I've been to see Rush 3 times. Once in the early 90s for their Roll the Bones tour, once in 2004 with a pregnant Claire, for their 30th anniversary tour, and then in 2013 for Clockwork Angels, which they played almost in its entirety in a middle set of three, between some of their 80s stuff and the all-time classics at the end. Claire and an 8 year old Cate came with me. It was Cate's first concert, a mammoth three and a half hours long and well past her usual bedtime, so it was a bit overwhelming. But she impressed a couple of fans in front of us when they asked her what her favourites were, and also impressed a fellow football dad, who had just got into them a couple of years ago and was playing Rush in the car on the way to training. "Is that Rush? I've been to see them live."
So my favourite band are retired, rock music is non-existent in the charts, but there are still signs of life. Muse, Foo Fighters and Biffy Clyro are going strong, a duo called Royal Blood have released a couple of great albums, and Twin Atlantic, another Scottish band, have also had some good stuff.
But then something weird happened.
I was browsing YouTube one day, watching a few music videos, and finished one of the Muse songs. YouTube does this thing where it serves up something similar as a next video, and in this case it was some kids playing Muse's Resistance. They were very young (about 9-14) but did a really good job, and the drummer was amazing. This piqued my interest and I found some more covers they had done, plus a music video for a song they'd written themselves, called XXI Century Blood. It blew me away. These were 3 teenage sisters from Mexico, and they'd managed to write and record an excellent rock song about our reliance on technology and blindness to the real world.
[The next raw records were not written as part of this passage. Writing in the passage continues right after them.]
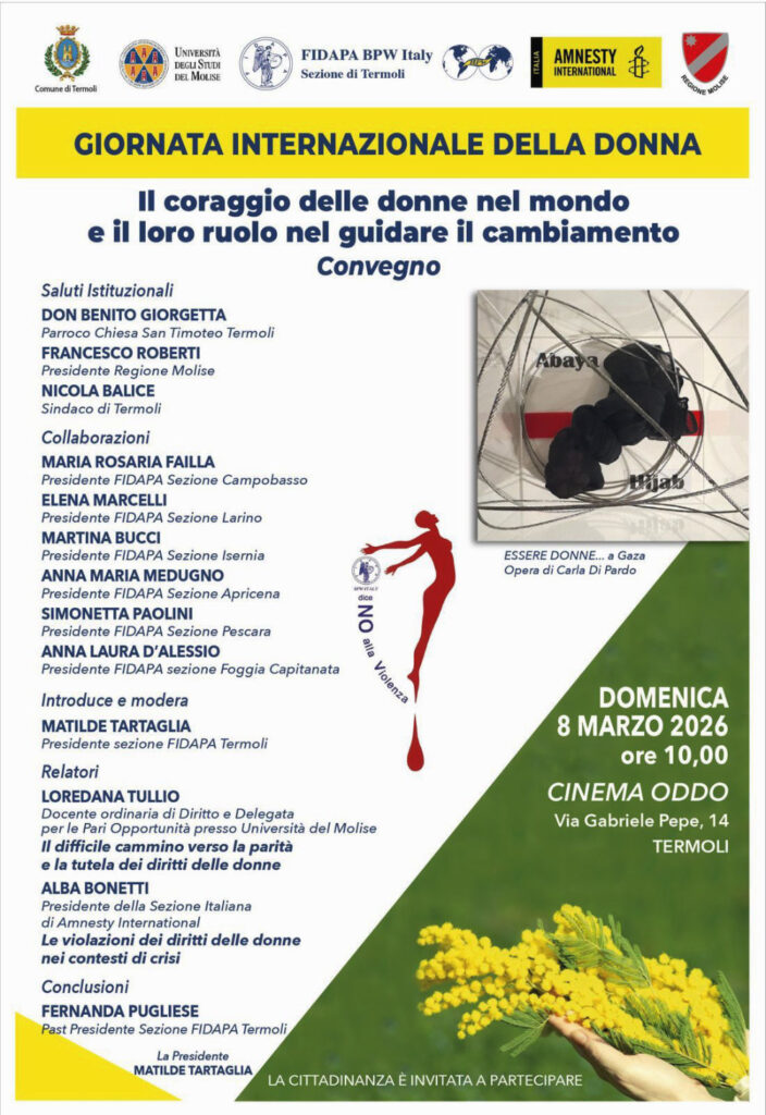 TERMOLI – Domenica 8 marzo 2026, presso il Cinema Oddo di Termoli, si è tenuto l’atteso convegno dal titolo “Il coraggio delle donne nel mondo e il loro ruolo nel guidare il cambiamento“. L’evento, promosso e organizzato dalla sezione FIDAPA di Termoli, ha riunito esponenti istituzionali, esperte di diritto e rappresentanti di diverse sezioni FIDAPA per riflettere sul lungo e tortuoso percorso dell’emancipazione femminile.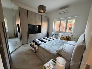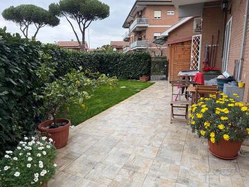 appartamento trilocale di circa 70mq restaurato da all'incirca un (2) anni situato al piano terra, si trova in un prestigioso comprensorio a Morena, immerso nel verde e caratterizzato da un ambiente residenziale tranquillo. La proprietà, disposta su un unico livello, accoglie gli ospiti con un ampio ingresso che da su un grande salone con angolo cottura che collega da un lato la cameretta e dall'altro la camera matrimoniale con al centro il bagno. Le porte finestre presenti nel salotto e nella cameretta conducono a uno spazio esterno di circa 150 mq in parte pavimentato e in parte area verde con area barebecuè. Completano la proprietà una cantina e un posto auto adiacente all'ingresso di casa. Il comprensorio offre servizi esclusivi, quali ampie aree verdi, un campo da tennis e un'area giochi per bambini.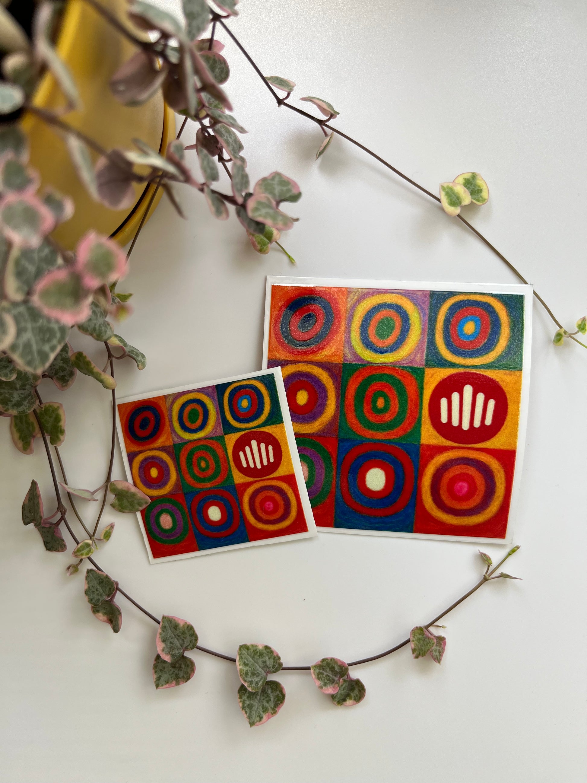 Concentric colors dance around a bold redbud core—Erguvan makes its mark at the heart of Kandinsky’s iconic pattern.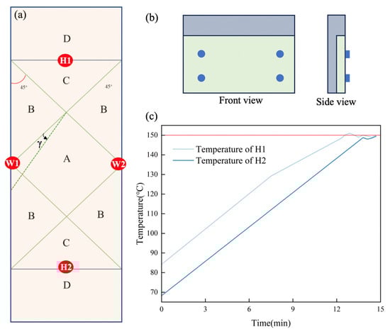 In-plane shear testing of unidirectional CF/epoxy prepreg: (a) concept of four shear characteristic zones and shear angle (γ); (b) fixture configuration; and (c) representative temperature collection curves of thermocouples at points H1 and H2, where the red line represents 150 °C.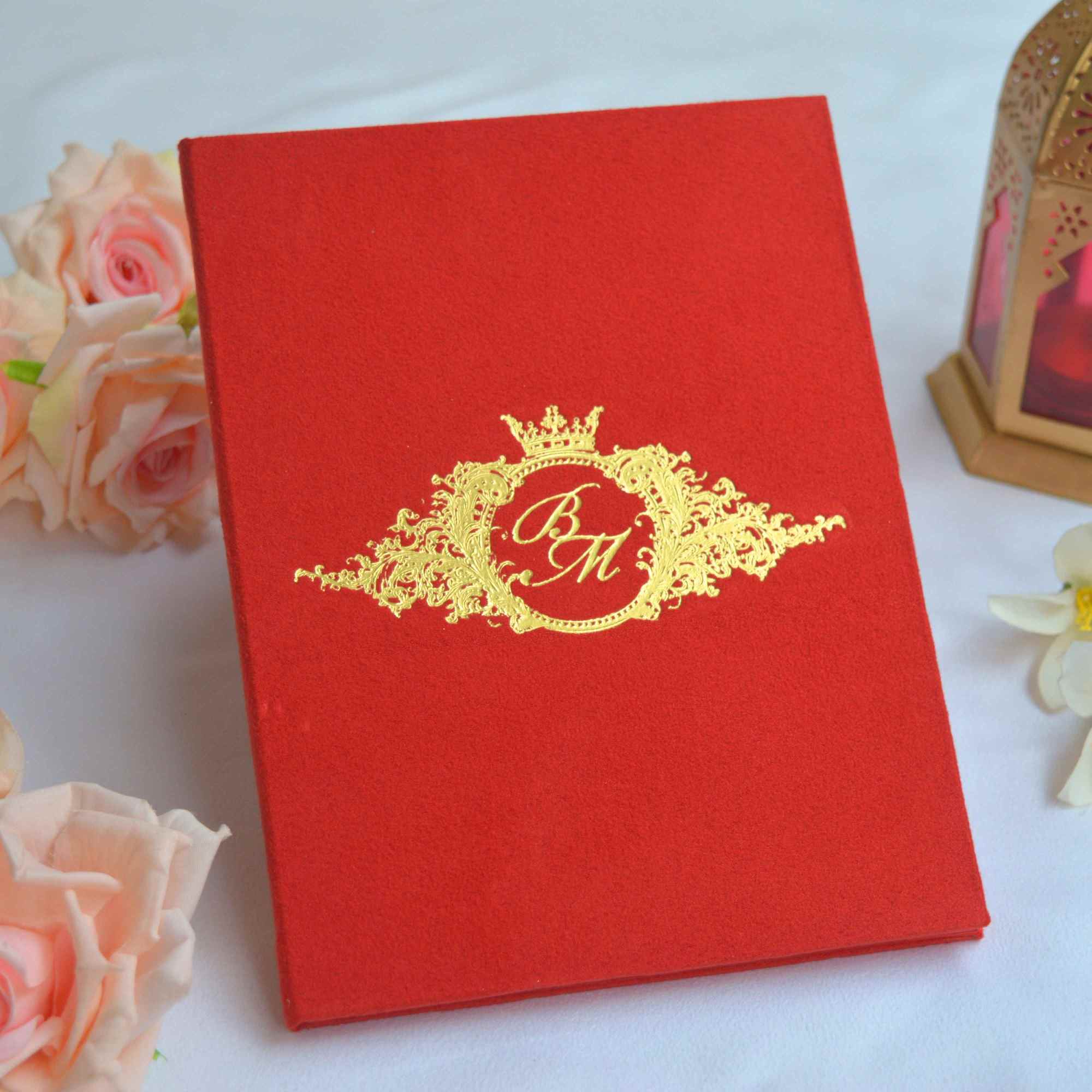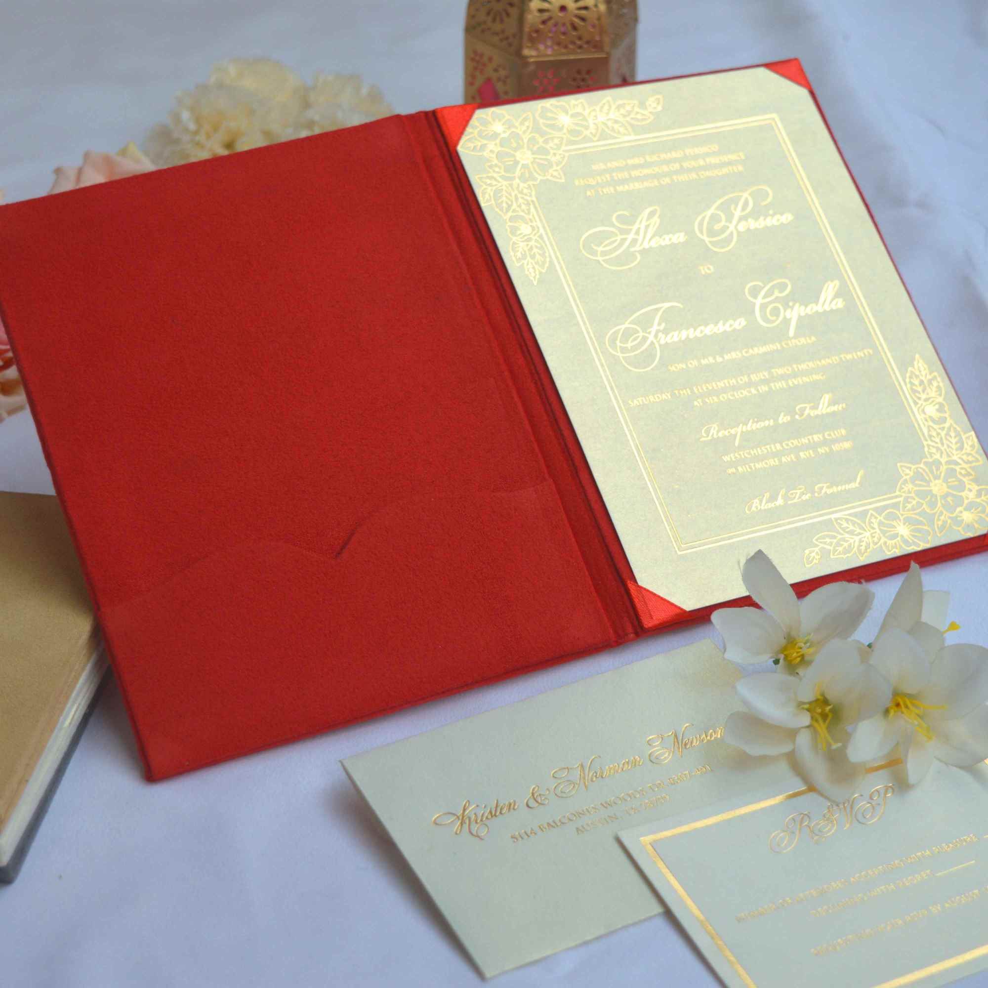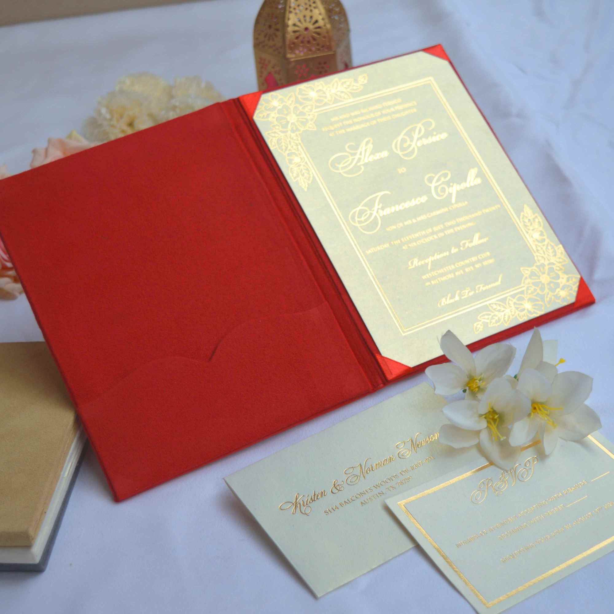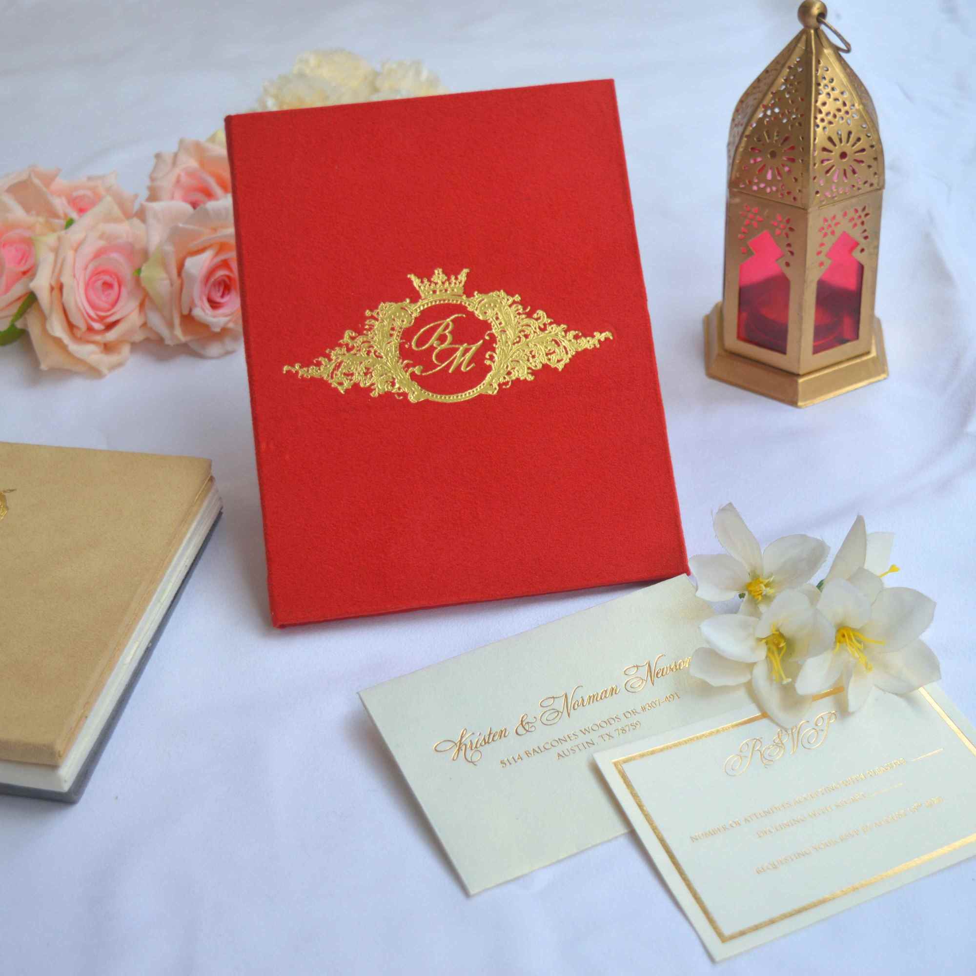 πβππ πππππβπΎ πββπππ»πΌπ: A bi-fold velvet wedding invitaion folio with a hot foil monogram. The velvet folio has a pearl shimmery cardstock invitation insert card with foil print in the center and a pocket for additional enclosure insert cards.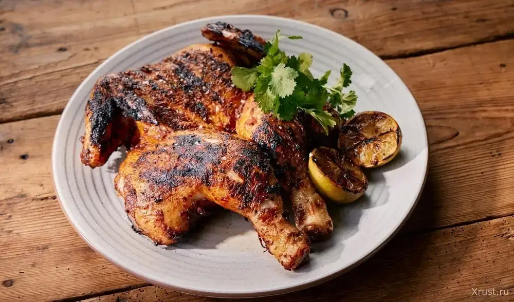 Этой смесью курица и натирается. Важно – её отбивают, как цыпленка табака. Мясо мариновать не надо: специи пропитывают курицу своим ароматом во время приготовления – на гриле или на сковороде на плите, а затем в духовке. Если есть возможность, готовьте ее над углями.
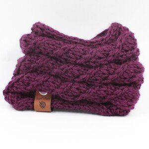 Handmade Hand Knit Cotton Candy Cable Knit Rib Knit Purple Ear Warmer for Kids

Somehow they'd also managed to make it into a Black Mirror style music video. They didn't have a record contract, just internet fans, and an album.
I've been burned before buying an album on the strength of one song, but I listened to a clip of each song on the album on Amazon and they really did sound good. I paid, downloaded and put them on the car's memory stick. Unusually, Claire and Cate both loved the album, and we were now fans of The Warning, a 3-sister band from Monterrey with no record deal who no one has ever heard of.
The first album was great, and a second album was imminent. This was more daring than the first. It was to be a concept album, telling the story of a girl's obsession with her love, which then turned to stalking, kidnap and murder, followed by a descent into madness, split personalities and suicide. Just to build up the stakes they were going to release the 13 songs in 4 chapters, a couple of weeks apart. Now usually when a band record 13 songs on an album they put the best ones at the start and the filler at the end, so as each chapter was released I was waiting for the also-rans. There were none. This album was a complete triumph from start to finish, not a bad song on it. Apart from Clockwork Angels this was my album of the decade, and yet The Warning have yet to even get a mention in the English-speaking music press.
The girls had a tour of North America planned for 2020, and a date in London arranged by thier fans. It all had to be put off for COVID, which was a real blow. But they finally signed up to a record label, they've recorded their third album and we're just waiting to see how they can progress from brilliant.